Александр Ярошук (А.Я.): Беларусь вполне справилась с задачей обеспечения собственных потребностей в зерне. Есть стандарт, по которому зерна должно производиться примерно 600-700 килограммов на душу населения. Но если на сегодняшний день мы собрали порядка семи миллионов тонн, то понятно, что эта цифра даже выше того уровня, который признан в Европейском союзе и больше которого и смысла нет производить, потому что это приведет к убыточности, потере конкурентоспособности, снижению прибыли у сельскохозяйственных производителей. Поэтому совершенно не стоит беспокоиться о том, что касается обеспечения своих потребностей за счет собственных ресурсов по зерну.


Есть ли что-то, о чем стоит беспокоиться в этом плане?Александр Ярошук: Превращение сельского хозяйства из экономической категории в идеологическую сыграло дурную роль

А.Я.: Такое беспокойство – фактор, скорее, идеологический. Мы знаем, что в Европе были наводнения, бушевали ураганы, Россию, наоборот, засушило. Помня об особом интересе нашей власти к агропромышленному комплексу, и этот интерес вполне оправдан, поскольку все эти годы сельское хозяйство было больше не экономической категорией, а идеологической, собирать надо было десять миллионов. По правде говоря, я не знаю, что делать после того, как мы собрали десять миллионов тонн. Я исхожу из того, что семь-восемь миллионов – это оптимальная для нас цифра. Поэтому заботиться, на самом деле, не о чем.

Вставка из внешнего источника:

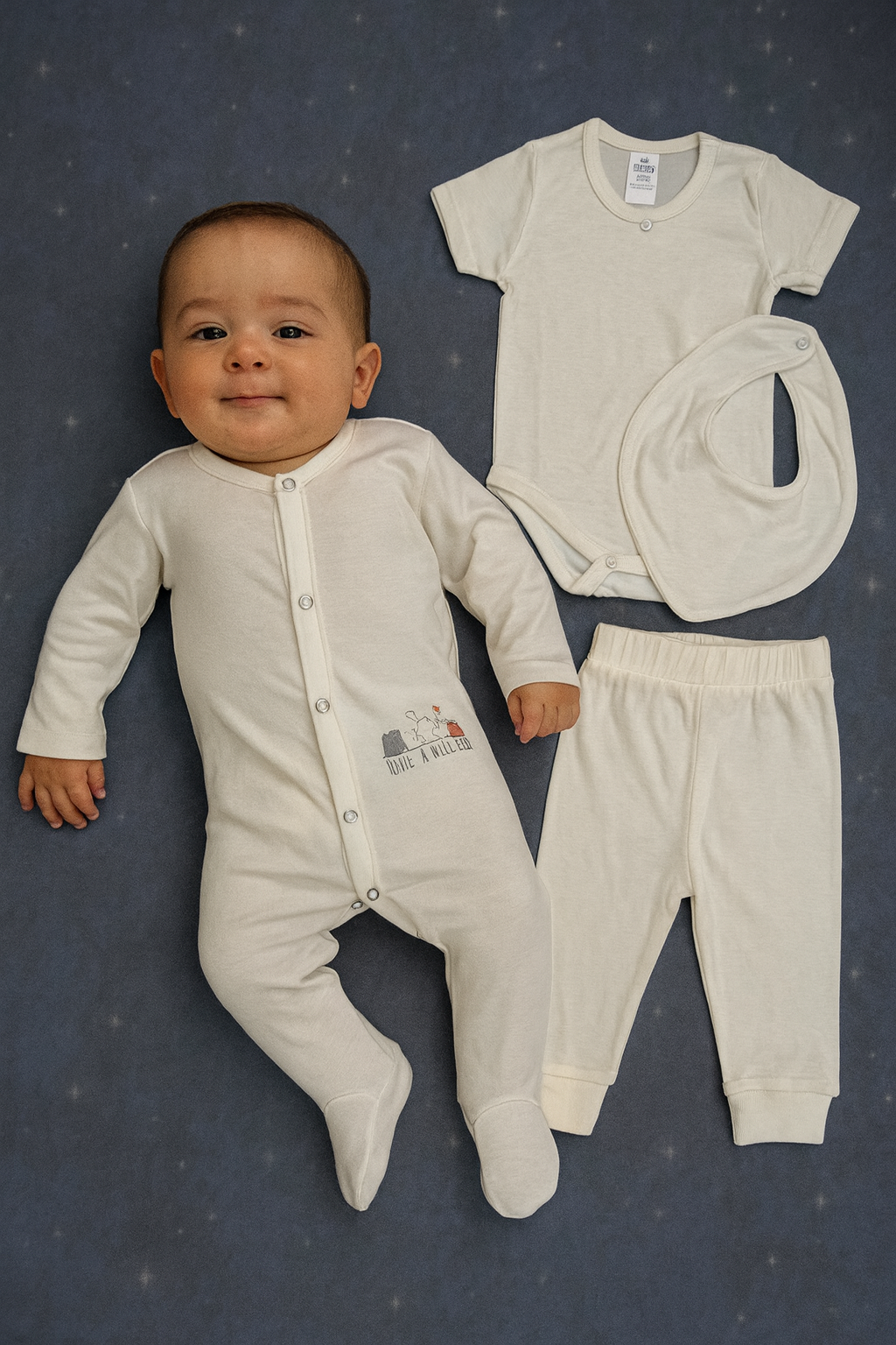 Cada prenda está confeccionada en telas frescas, suaves y antialérgicas, que cuidan la delicada piel del bebé y permiten libertad de movimiento.
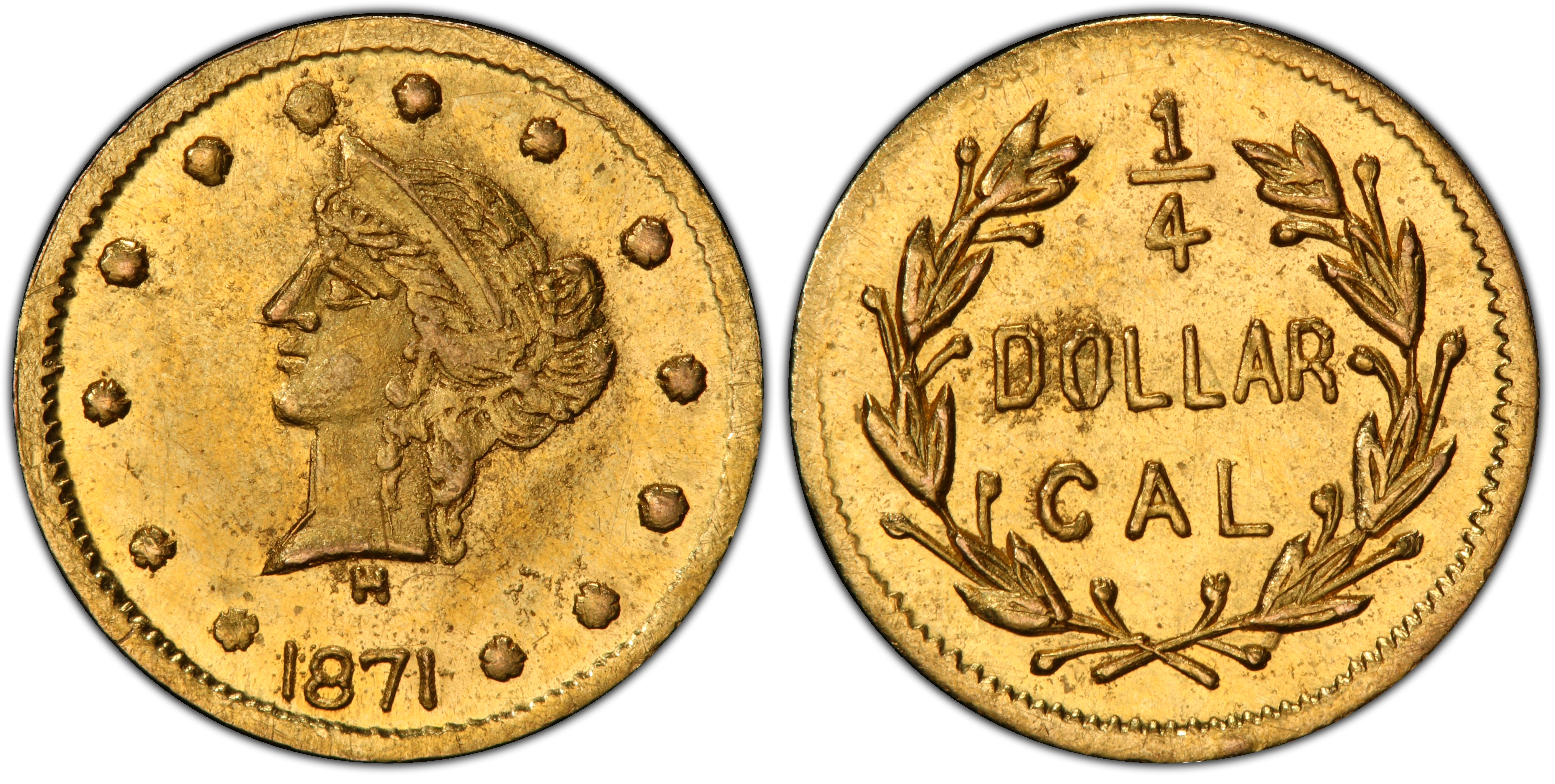 The 1871 BG-857 25-cent piece represents a fascinating and legally fraught chapter in the history of U.S. private coinage. By the 1870s, the initial chaos of the California Gold Rush had subsided, but the need for small-denomination coinage persisted, particularly in the West. The Coinage Act of 1864 had explicitly forbidden the private issuance of any coins, a direct response to the flood of lightweight and debased private tokens that emerged during the Civil War. Despite this federal prohibition, various jewelers and entrepreneurs continued to strike minuscule gold 'charms' or 'tokens,' often resembling official coinage, to satisfy a commercial and souvenir demand. Reuben N. Hershfield and Noah Mitchell, jewelers operating far from the gold fields in Leavenworth, Kansas, entered this market in 1871. Their plan was to produce fractional gold pieces for distribution in the coinage-starved markets of California. Their operation was distinguished by the small 'H' initial for Hershfield placed discreetly below the bust of Liberty. However, their enterprise was short-lived. In August 1871, U.S. Secret Service agents, tasked with enforcing the 1864 Act, raided their facility, seizing their production and arresting the partners. This abrupt end to their minting activities makes the BG-857 a one-year type issue and infuses it with a dramatic backstory of defiance against federal law. The coins are technically not 'territorials' in the traditional sense, as they were not a product of a pre-statehood region lacking federal mint services, but rather a clandestine issue produced in direct violation of established law, making them numismatically significant as among the last of the classic privately issued gold coin series.

При всем том, что в этом году было очень жаркое солнце, мы не зернопроизводящая страна, и никогда ей не будем, потому что у нас банально не хватает солнечной энергии для того, чтобы формировать сильные, твердые сорта зерновых, чтобы получать, помимо ржаного хлеба, булку, кондитерские изделия. Какую-то часть этих объемов продовольственной пшеницы твердых сортов нам неизбежно придется закупать то ли у России, то ли у Казахстана.

Россия уже заявила об ограничении экспорта зерна, Украина тоже решила последовать ее примеру. Что нам в этой ситуации делать?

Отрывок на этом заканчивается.